E2-β — offline write queue
stateDiagram-v2
[*] --> Online
Online --> Reconnecting: SSH drop
Reconnecting --> Online: success
Reconnecting --> Failed: max retries
Online: writes go straight to remote
Reconnecting: writes append to disk queue<br/>UI "N pending edits" indicator
Failed: queue persists,<br/>retries on next manual Connect
Online --> ReplayingQueue: queued ops on connect
ReplayingQueue --> Online: queue empty
ReplayingQueue --> ConflictUI: replay hit PreconditionFailed
ConflictUI --> ReplayingQueue: merge complete
Functional requirements
ID
Requirement
β1
OfflineQueue: persistent JSONL at <vault>/.obsidian/plugins/remote-ssh/queue/, one op per line, total-ordered. Supported ops: write / writeBinary / append / mkdir / remove / rmdir / rename / copy.
β2
SftpDataAdapter in reconnecting state pushes write-side ops to the queue, returns success synthetically + writes to local cache so editor reads stay coherent. Read-side ops continue to read-from-cache or error if not cached.
β3
QueueReplayer: on connection recovery, drains the queue serially against the remote. PreconditionFailed → α3 path (3-way modal). Success → next op. Failure surfaces as a notice; remaining queue stays.
β4
StatusBar shows “N pending offline edits” while the queue is non-empty; clicking opens PendingEditsModal listing the pending ops with the option to discard.

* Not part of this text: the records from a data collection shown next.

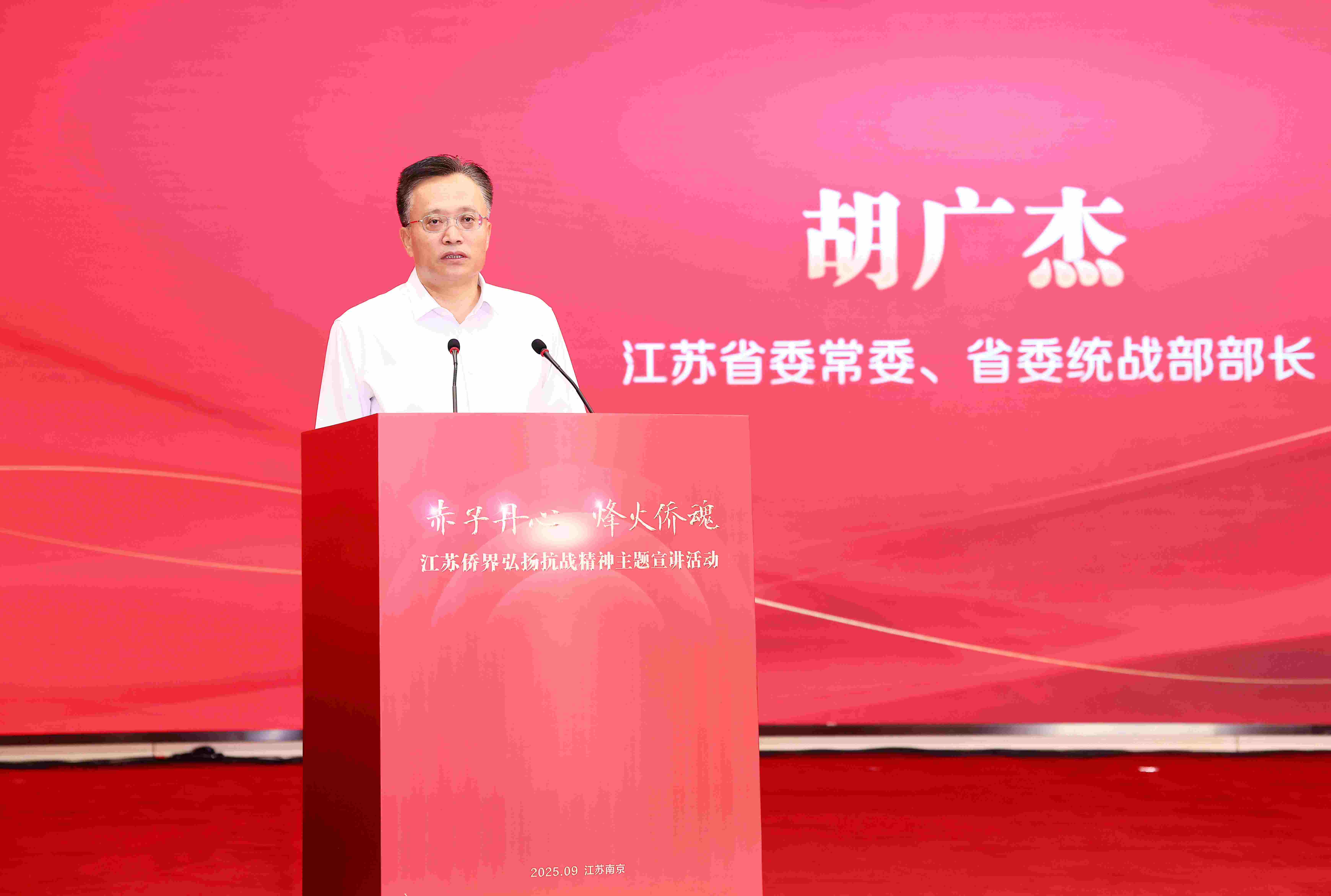 胡广杰在致辞中深切缅怀了所有为抗战胜利作出卓越贡献与英勇牺牲的抗日英烈、海内外同胞和国际友人。他表示,抗战期间,江苏人民和全国人民一道,在中国共产党倡导建立的抗日民族统一战线旗帜下,万众一心,共御外侮;广大侨胞始终心系祖国,以空前的民族觉醒和巨大的牺牲奉献,在中华民族抗战史册上书写了壮丽篇章。他指出,习近平总书记在纪念中国人民抗日战争暨世界反法西斯战争胜利80周年大会上发表的重要讲话,为我们在新征程上大力弘扬伟大抗战精神、加快实现中华民族伟大复兴的中国梦指明了前进方向。他希望广大归侨侨眷和海外侨胞,要传承嘉庚精神、凝聚奋进力量,发挥独特优势、服务中心大局,讲好中国故事、传播好江苏声音,加强团结协作、发挥侨界合力,为中国式现代化江苏新实践、为中华民族复兴伟业贡献侨界力量。
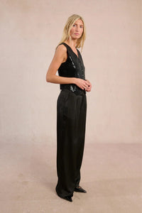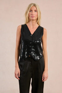 Shine bright in this show-stopping sequined vest that's equal parts glam and edge. The fitted front sparkles with eye-catching sequins while the sleeveless, button-up design keeps things cool and contemporary. A generous V-neckline flatters every frame, and the double-breasted closure adds a touch of sophisticated sass. Layer it over your favorite basics for instant party-ready polish, or wear it solo for maximum sparkle impact. Perfect for nights when you want to turn heads and steal the spotlight.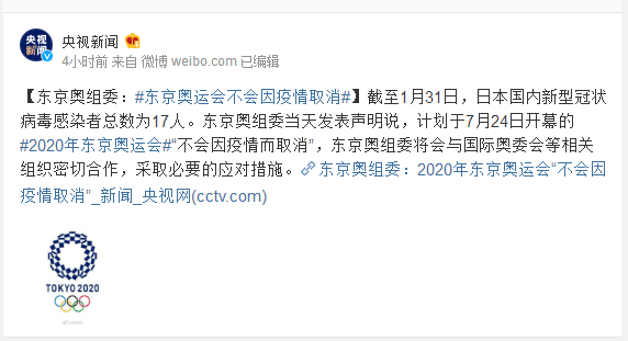 截至1月31日,日本国内新型冠状病毒感染者总数为17人。东京奥组委当天发表声明说,计划于7月24日开幕的#2020年东京奥运会#“不会因疫情而取消”,东京奥组委将会与国际奥委会等相关组织密切合作,采取必要的应对措施。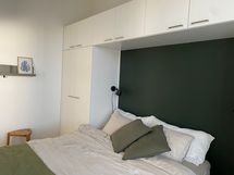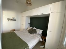 Makuuhuoneessa on kaapistot ja parisänky mahtuu huoneeseen. Kylpyhuone on tilava ja mahdollistaa pesutornin liittämisen. Huoneistossa on vesikiertoinen lattialämmitys eli ei tilaa vieviä pattereita!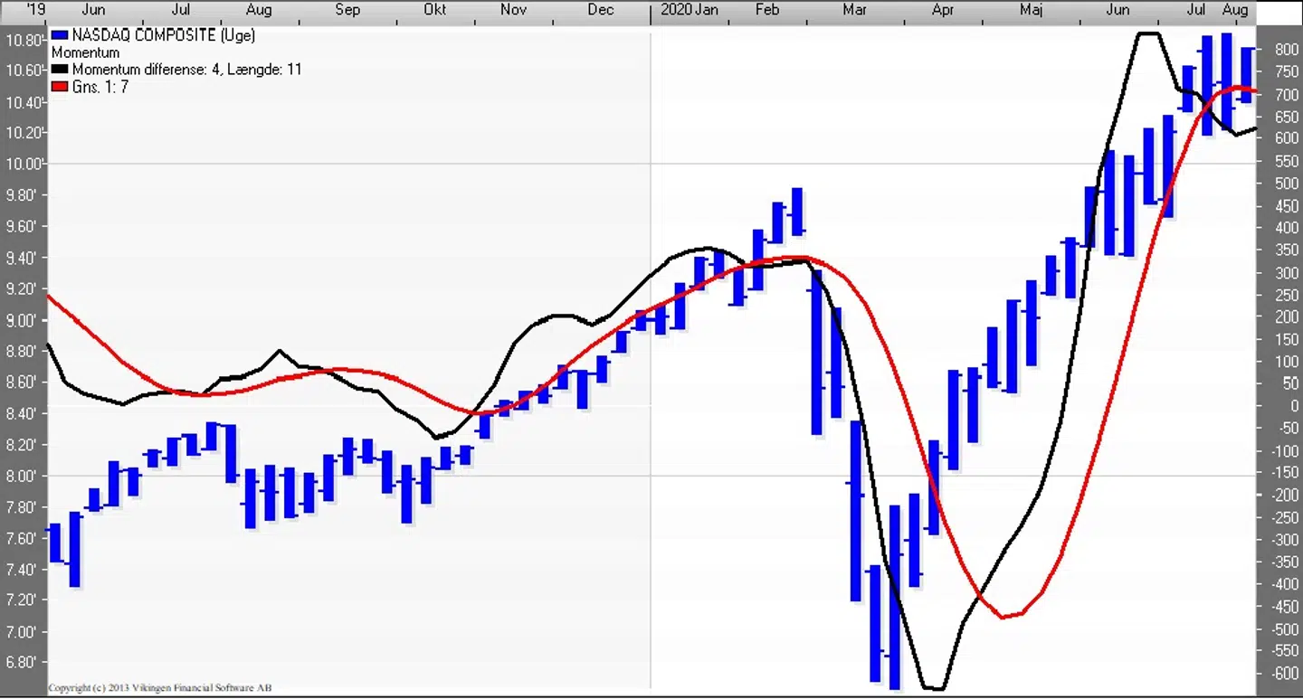 Der er ikke nogen tvivl, men IT-aktierne har været vinderne i denne omgang. Indekset er steget ca. 20 pct. De sidste 4 uger har indekset konsolideret sig i niveauet 10.500. Det har fået de tre indikationsmodeller til at falde tilbage på ugebasis. RSI er faldet fra 90 til 75 og den samme faldende tendens ses i Momentum på ugebasis.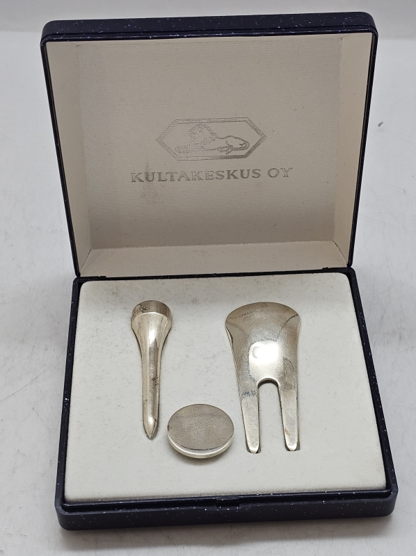 #1264 Hopeinen Kultakeskus Oy golf-setti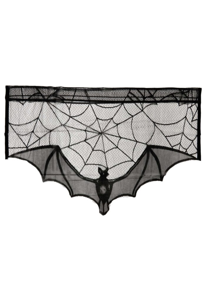 It’s not batty to want your home to look perfect for Halloween, so set out this exclusive Flying Bat Mantel Scarf Halloween Decoration! Made of polyester machine lace, the long scarf can be threaded onto a curtain rod if desired or spread over a flat surface. It features a large, knitted-in bat with outspread wings against a background of spiderwebs. Fly by Night Your home’s decoration game will soar thanks to this unique mantel scarf! Slightly Gothic yet always classic, the bat and spider motifs will pair perfectly with your other Halloween-themed favorites. Even the most timid among your guests will have to admire your style.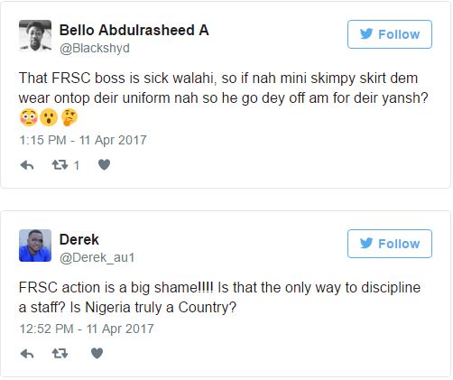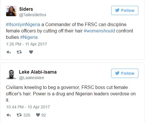 Following the viral photos of FRSC sector commander in Rivers state, Andrew A.Kumapayi, cutting off the hair extensions of some female members during their parade yesterday. Nigerians on Social media have come out to criticize the commander who is currently being questioned. See their comments after the cut…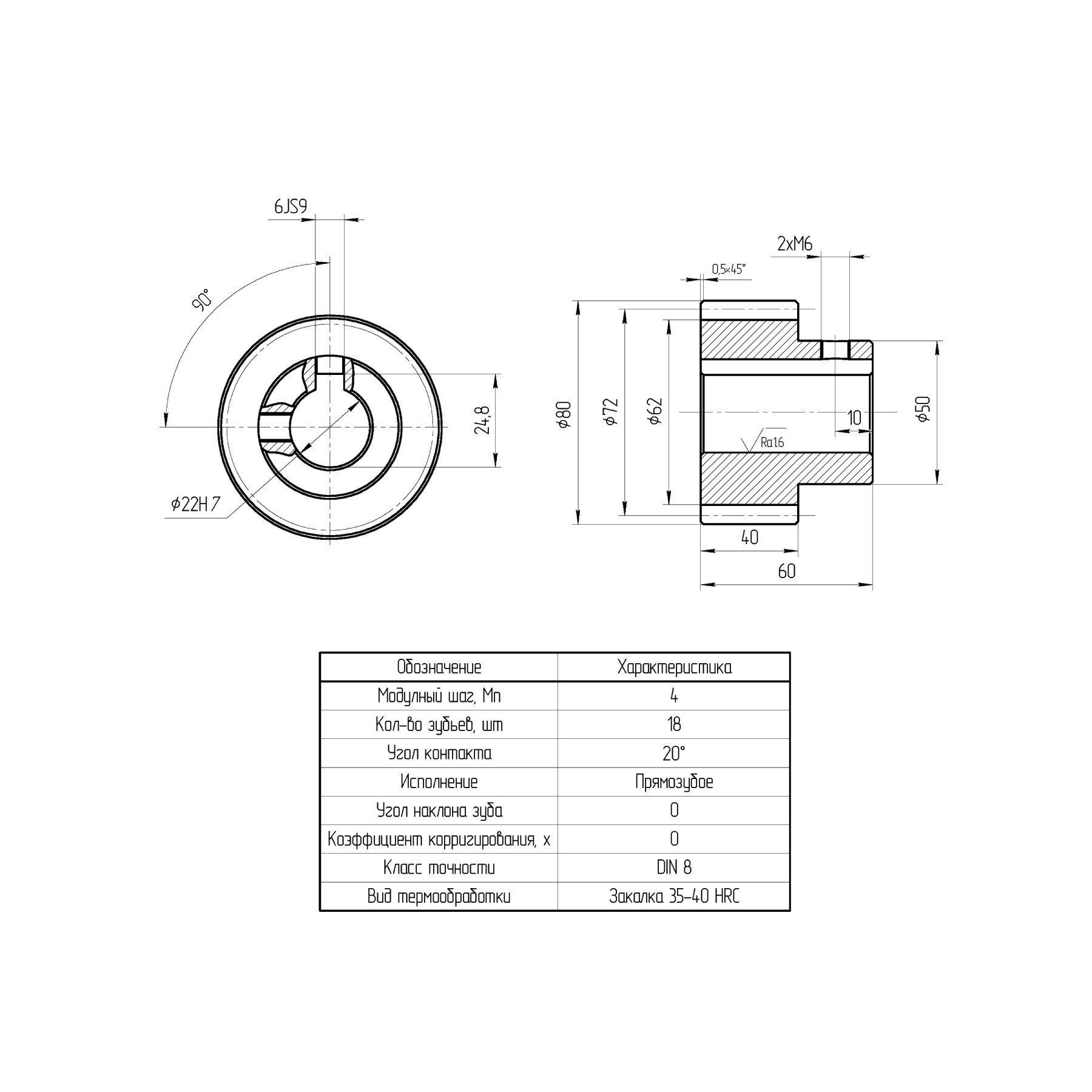 - угол профиля зуба: 20°;

Non-functional / constraints
N1 AncestorTracker is in-memory only. Cleared on disconnect /
restoreAdapter. A “stale ancestor” after a long disconnect is
acceptable — the next read refreshes it.
N2 OfflineQueue is persistent across Electron restarts. JSONL
was picked over SQLite to keep the on-disk format human-inspectable
for debugging.
N3 Read-side ops (read, readBinary, list, stat) are
never queued. They serve from cache when possible and error
otherwise; queueing them would mislead the editor about file
presence.
N4 Large binary writes can balloon the queue dir. Cap total
queue bytes (default 500 MB); over-cap writes are rejected with a
visible notice rather than silently truncated.
N5 Three-way merge is plain-text only. Binary conflicts continue
through the existing two-choice WriteConflictModal.
α and β can land in either order at the start; β.3 needs α.3 only
because that’s where conflict-on-replay surfaces. The path of least
risk is α-first.
Defaults
Knob
Value
Rationale
AncestorTracker max bytes
64 MB
Matches ReadCache — same scarce resource (process memory).
OfflineQueue max bytes
500 MB
Big enough for a multi-day disconnect with typical text edits + a few attachments; small enough that a stuck queue doesn’t quietly consume the disk.
Queue dir
<vault>/.obsidian/plugins/remote-ssh/queue/
Lives with the plugin’s other state so a vault move carries it.
Diff engine
Hand-rolled Myers, ~150 LoC
No npm dep — bundle-size guard stays comfortable.
Verification approach
Unit tests for each new module (AncestorTracker, DiffEngine,
OfflineQueue, QueueReplayer) — same patterns as the existing
*.test.ts files.
α.3 + β.3 land with adapter-level tests: read → simulated
PreconditionFailed → modal callback fires with the right ancestor;
reconnecting → write → queue grows → recover → queue drains.
Manual smoke on the dev vault: edit the same note from two
shadow-vault windows pointed at the same remote; conflict modal
should appear with the right three panes.